# A Few 4 Sunday !



## sawhorseray (Jul 31, 2022)

A newlywed couple moves into their new house.

One day the husband comes home from work and his wife says, "Honey, you know, in the upstairs bathroom one of the pipes is leaking, could you fix it?"

The husband says, "What do I look like, Mr. Plumber?"

A few days go by, and he comes home from work and his wife says, "Honey, the car won't start. I think it needs a new battery. Could you change it for me?"

He says: "What do I look like, Mr. Goodwrench?"

Another few days go by, and it's raining pretty hard.
The wife finds a leak in the roof.
She says, "Honey, there's a leak on the roof! Can you please fix it?"

He says, "What do I look like, Bob Vila?"

The next day the husband comes home, and the roof is fixed.
So is the plumbing. So is the car.
He asks his wife what happened.

"Oh, I had a handyman come in and fix them," she says. "Great! How much is that going to cost me?" he snarls.

Wife says: "Nothing. He said he'd do it for free if I either baked him a cake or slept with him."

"Uh, well, what kind of cake did you make?" asks the husband.

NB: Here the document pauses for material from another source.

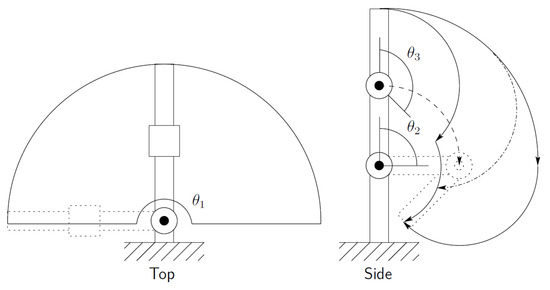 It is essential to mention that the workspace is constrained by the manipulator’s geometry and the mechanical constraints on the joints. It is composed of the reachable and the dexterous workspaces. The former corresponds to the set of coordinates that can be reached by the manipulator, and the latter is the subset of the reachable workspace where the end-effector can have an arbitrary orientation [28].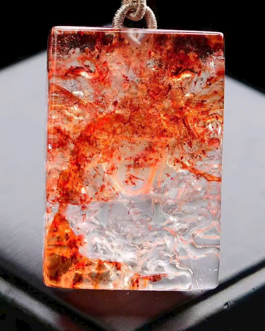 Mặt dây chuyền – Thạch anh Brazil đỏ “Ngũ Long Chí Tôn – Đại Nhật Như Lai” Tuyệt phẩm size lớn từ thạch anh đỏ keo hoa tự nhiên Brazil, phối màu độc đáo, sắc đỏ rực rỡ tượng trưng hồng vận và cát tường. Chất đá trong trẻo, ánh sắc sinh động, cảnh sắc tự nhiên đầy chiều sâu. Chủ đề Ngũ Long Chí Tôn – Đại Nhật Như Lai, chạm khắc tinh xảo, thần thái trang nghiêm, đường nét sống động. Hình tượng mang ý nghĩa bình an, hanh thông, như ý cát tường, phúc thọ dài lâu và gia đạo hưng thịnh. 📏 Kích thước: 49 × 33 × 13 mm ⚖️ Trọng lượng: 74.5 g

"What do I look like," she says, "Betty Crocker?"


----------



## yankee2bbq (Jul 31, 2022)

thanks for the laughs!


----------



## chopsaw (Jul 31, 2022)

Lol . Reading the name Bob Villa made me laugh the most .


----------



## 912smoker (Jul 31, 2022)

Good ones RAY and thanks for the 

Keith


----------



## bigfurmn (Aug 2, 2022)

Crap how did i miss this sunday. These are great. Well done as always


----------



## millerbuilds (Aug 2, 2022)

Thanks for the comedy!

- Jason


----------



## bauchjw (Aug 2, 2022)

Great laughs! Man I love that crib, it got my daughter into a giggle fit!


----------



## tbern (Aug 2, 2022)

Thanks Ray, funny stuff!!


----------



## gmc2003 (Aug 3, 2022)

Good ones Ray. 

Chris


----------



## Brokenhandle (Aug 3, 2022)

That snack one for a road trip is classic,  and true! Thanks Ray!

Ryan


----------



## Colin1230 (Aug 3, 2022)

I don't know where you come up with all of these Ray, but I sure enjoy them. Thanks.


----------



## GaryHibbert (Aug 6, 2022)

A whole batch of winners, Jim.  The "I don't judge people" one describes my beliefs to a T.  Thanks.
Gary


----------